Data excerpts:
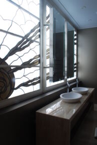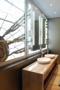 dynamic of movement. The windows draw one’s eye into the room, allowing the beauty of natural light to play on the panes and then upon the forms within the space to add still further to the grace of the room. The windows complete the space and contribute significantly to sustaining the aura of peace and stillness which has been created here.”
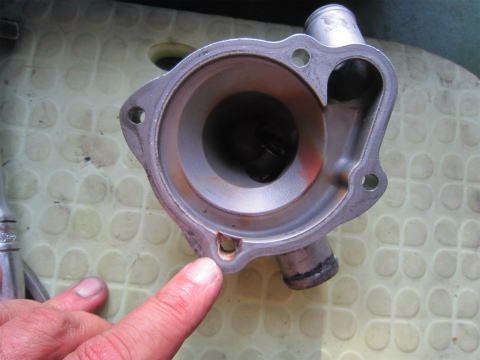 16:39 ウォーターパイプ ウォーターポンプから出ているアウト側のウォーターパイプ。 外してみると、しっかりと穴が! たぶん、隣のパイプのホースバンドが押しつけられて、切れちゃったかな。 |
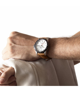 Reloj Festina Titanium F20699/1, para hombre, analógico, con movimiento de cuarzo, 3 agujas y doble calendario. La esfera es en color plateado, con bisel giratorio en color negro, con índices como indicadores de las horas en color plateado y luminiscentes, al igual que las agujas, a excepción del segundero que es en color rojo y con cristal mineral. Brazalete de piel en color camel con cierre de hebilla. Tiene una resistencia al agua de 100 metros.
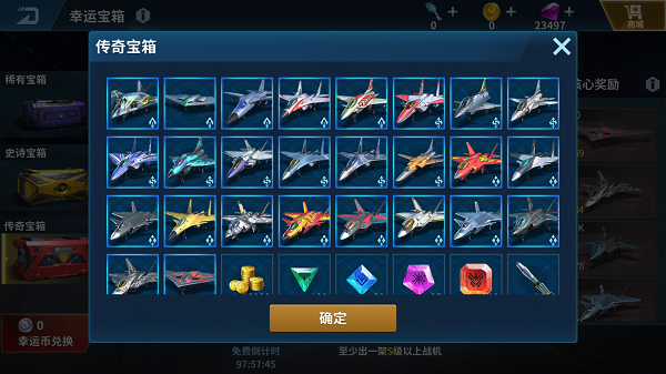 传奇宝箱中能开出的最好的奖励是X级飞机,X级飞机是目前游戏中最顶级的飞机,这无疑是非常吸引人的。同时传奇宝箱依然有免费打开的机会,虽然免费单抽的冷却时间要2天,但终究是给广大欧皇们留了一道门,见证单抽的奇迹。还有一点,奖励飞机中移除了B级飞机,也就是说一旦抽出飞机那么最少也是一架A级飞机哦。
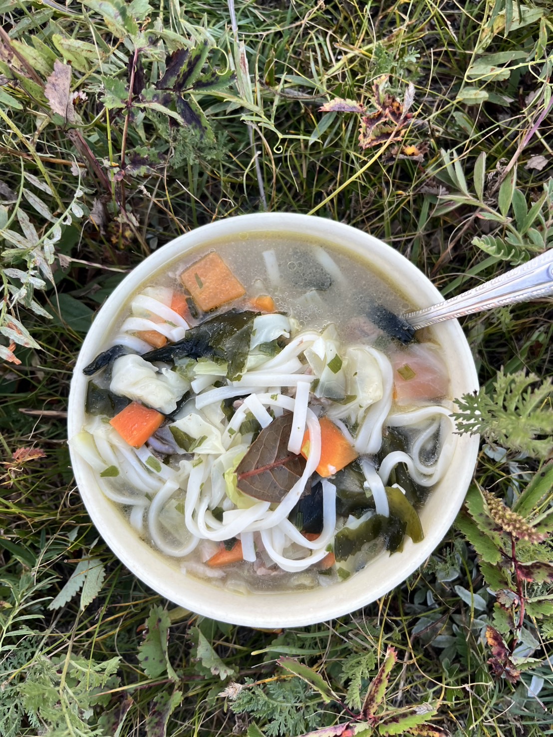 夕食は羊肉入りのわかめうどん風の麺料理。

#### [TASK DIRECTIONS]
From the line that includes "Reloj Festina Titanium" on down to the last line of the entries above, set down each line exactly, leaving out the pictures.

#### [YOUR RESPONSE]
 Reloj Festina Titanium F20699/1, para hombre, analógico, con movimiento de cuarzo, 3 agujas y doble calendario. La esfera es en color plateado, con bisel giratorio en color negro, con índices como indicadores de las horas en color plateado y luminiscentes, al igual que las agujas, a excepción del segundero que es en color rojo y con cristal mineral. Brazalete de piel en color camel con cierre de hebilla. Tiene una resistencia al agua de 100 metros.
 传奇宝箱中能开出的最好的奖励是X级飞机,X级飞机是目前游戏中最顶级的飞机,这无疑是非常吸引人的。同时传奇宝箱依然有免费打开的机会,虽然免费单抽的冷却时间要2天,但终究是给广大欧皇们留了一道门,见证单抽的奇迹。还有一点,奖励飞机中移除了B级飞机,也就是说一旦抽出飞机那么最少也是一架A级飞机哦。
 夕食は羊肉入りのわかめうどん風の麺料理。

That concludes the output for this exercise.